Ogletree Gender Discrimination Lawsuit

Case name: Dawn Knepper, et al. v. Ogletree Deakins, Nash, Smoak and Stewart, P.C.

Case type: Gender Discrimination

Filed in: [U.S. District Court for the Northern District of California]

Case no.: [3:18-CV-00303-WHO]

Case Summary

In January 2018, Sanford Heisler Sharp McKnight filed a class and collective complaint against the law firm of Ogletree, Deakins, Nash, Smoak and Stewart, P.C. (“Ogletree”). The lawsuit alleged that Ogletree systematically discriminated against female shareholders in pay and promotions, in violation of Title VII, the federal and California Equal Pay Acts, the California Fair Employment and Housing Act, the California Unfair Competition Law, and the California Private Attorney Generals Act (PAGA).

Plaintiff and Class Representative Dawn Knepper, a former Ogletree non-equity shareholder, brought the action on behalf of a class of approximately 100 non-equity female shareholders nationwide.

The Complaint alleged that Ogletree, one of the largest defense-side employment law firms in the country advising companies on how to resolve discrimination claims, was aware of its own gender-based discriminatory practices and failed to correct them.

According to the Complaint, Ogletree’s male-dominated equity shareholder structure led to female non-equity shareholders failing to be promoted and paid at the same level, although they performed substantially similar work.

Additionally, the Complaint alleged that Ogletree maintained a discriminatory credit allocation system that made it difficult for Ogletree’s female lawyers to meet the firm’s criteria for origination credits, denied female shareholders business development and training opportunities, and disproportionately saddled female shareholders with administrative duties, all of which resulted in inequitable pay and promotion for female shareholders.
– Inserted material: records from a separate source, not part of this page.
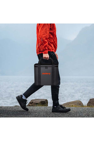 UP AND AWAY: Featuring durable double handles with adjustable straps, the bag keeps your Jackery Explorer all set for outdoor fun such as car camping, RV living, or road trips.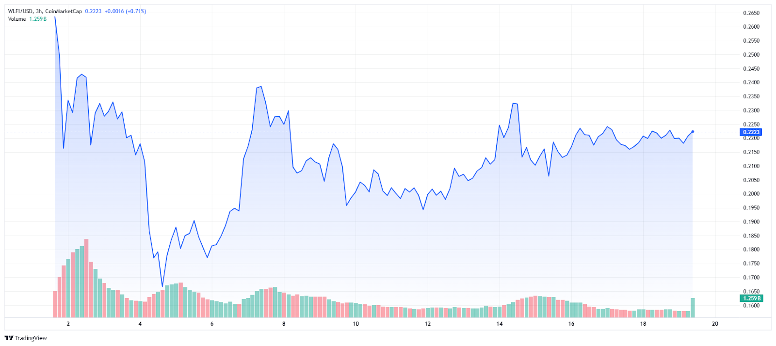 Данные CoinmarketCap показывают, что токен WLFI снизился более чем на 28% с момента запуска и торгуется на уровне 0,2223 долл. США на момент написания.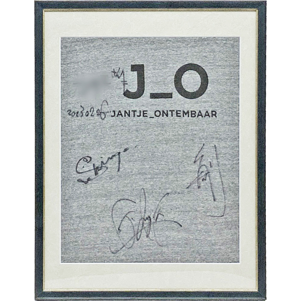 香取慎吾さん・草剛さん・稲垣五郎さんのお三方のサインが入ったTシャツを額装しました。香取慎吾さんの運営するブランド「JANTJE_ONTEMBAAR(ヤンチェ・オンテンバール)」から発売されているTシャツです。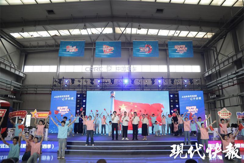 活動(dòng)現(xiàn)場(chǎng),四季“青青”代表帶來活力四射的青春快閃,全場(chǎng)觀眾揮舞著手中的國(guó)旗合唱《我和我的祖國(guó)》,向祖國(guó)深情告白。來自上海、南京、常州、杭州的四位青青智造家展示領(lǐng)跑全國(guó)的產(chǎn)品、技術(shù),演繹超燃“冠軍時(shí)刻”。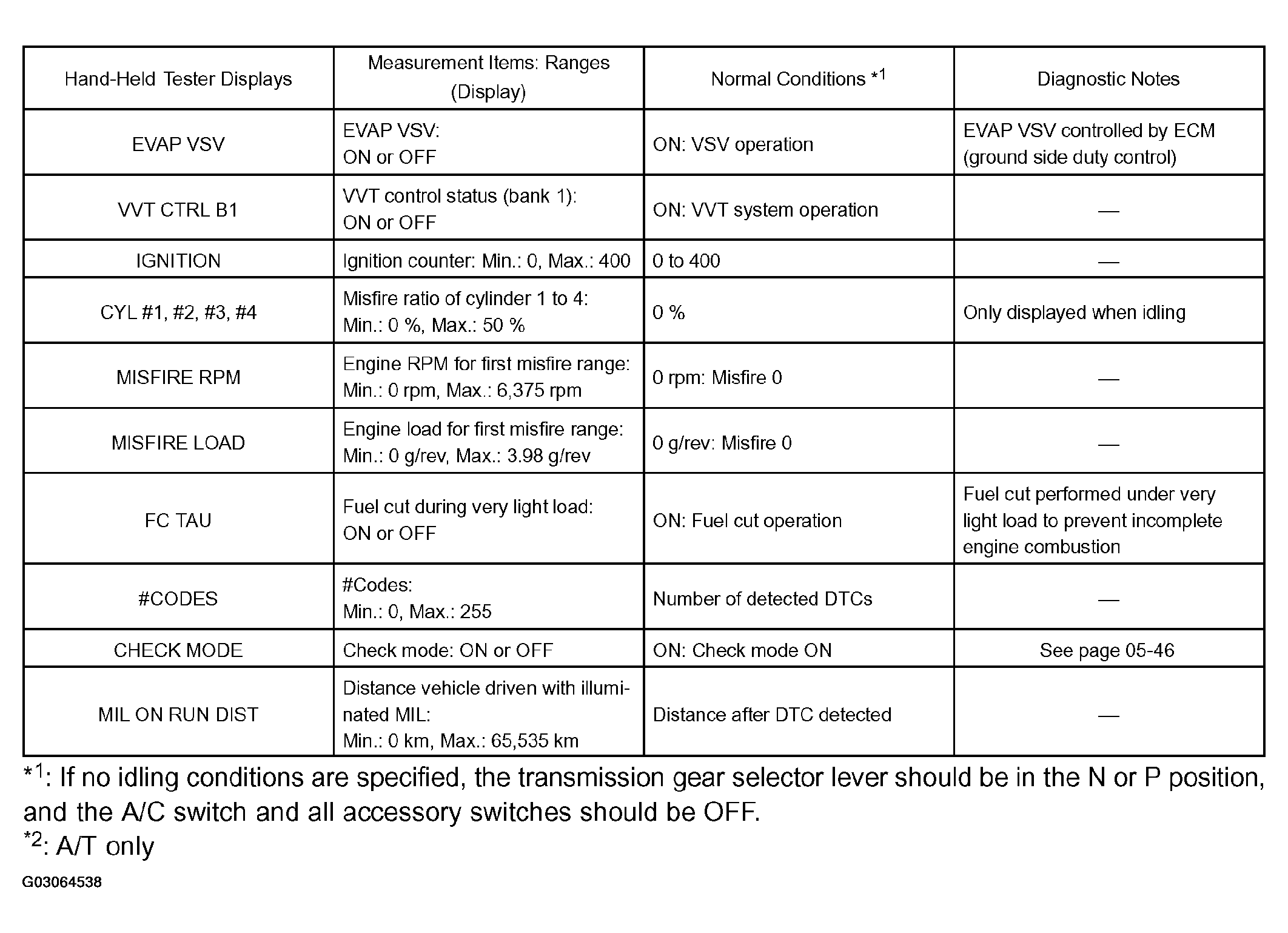 NOTE: In the table below, the values listed under Normal Conditions are for reference only. Do not depend solely on these values when determining whether or not a part is faulty.- Warm up the engine.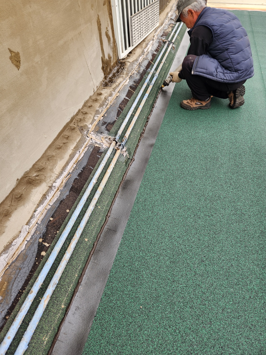 실리콘 마감 작업 벽면과 샌드위치판넬 마감부분 롤아스팔트슁글 마감부분에는 실리콘을 두껍게 도포하여 마감처리 작업을 진행합니다.최대한 실리콘을 두껍게 도포하고 해라 밀대 장비로 말끔히 처리하여야 날씨 온도에 이래서 실리콘이 수축 팽창되어 방수층이 깨지거나 소멸되는 문제가 발생하지 않습니다.

An Amended Complaint filed in May 2018 alleged administrative exhaustion of PAGA claims, as required by the PAGA; added a count for breach of fiduciary duty against Defendant Ogletree and current and former managing shareholders Charles Matthew Keen and Kim Franklin Ebert, and included the identity of three new plaintiffs who opted into the Equal Pay Act collective action, among other minor changes.